Complete telomere-to-telomere de novo assembly of the Plasmodium falciparum genome using long-read sequencing
Sequence-based estimation of genetic diversity of Plasmodium falciparum, the most lethal malarial parasite, has proved challenging due to a lack of a complete genomic assembly. The skewed AT-richness (~80.6% (A+T)) of its genome and the lack of technology to assemble highly polymorphic sub-telomeric regions that contain clonally variant, multigene virulence families (i.e. var and rifin) have confounded attempts using short-read NGS technologies. Using single molecule, real-time (SMRT) sequencing, we successfully compiled all 14 nuclear chromosomes of the P. falciparum genome from telomere-to-telomere in single contigs. Specifically, amplification-free sequencing generated reads of average length 12 kb, with =50% of the reads between 15.5 and 50 kb in length.
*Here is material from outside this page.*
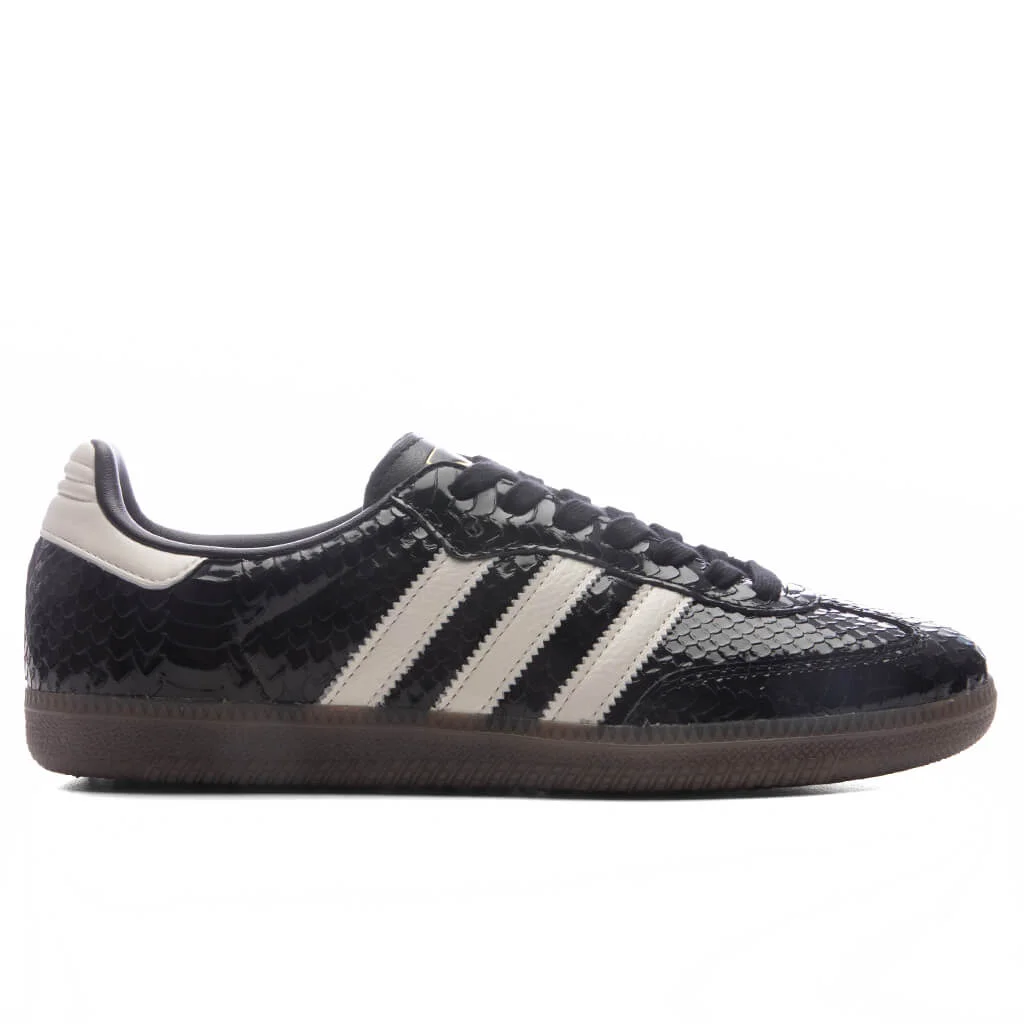 The Women's Samba OG in Core Black/Off-White/Gum Green brings timeless design and premium craftsmanship with a new look. Featuring a patent leather upper with a snakeskin texture to give it standout style. Adidas branding is shown with the signature 3-Stripes and trefoil on the tongue. A lace closure ensures a secure fit, while the synthetic sockliner adds comfort. Finished with a gum rubber outsole for traction and style, the Samba OG remains an icon in any rotation. - Patent leather upper - Snakeskin texture - Lace closure - Synthetic sockliner - Trefoil logo - Adidas branding - Signature T-toe - Gum rubber outsole - All sizes are listed in U.S. Women's sizing unless stated otherwise - Style No: IH9015

A hierarchical genome assembly process (HGAP), was used to assemble the P. falciparum genome de novo. This assembly accurately resolved centromeres (~90-99% (A+T)) and sub-telomeric regions, and identified large insertions and duplications in the genome that added extra genes to the var and rifin virulence families, along with smaller structural variants such as homopolymer tract expansions. These regions can be used as markers for genetic diversity during comparative genome analyses. Moreover, identifying the polymorphic and repetitive sub-telomeric sequences of parasite populations from endemic areas might inform the link between structural variation and phenotypes such as virulence, drug resistance and disease transmission.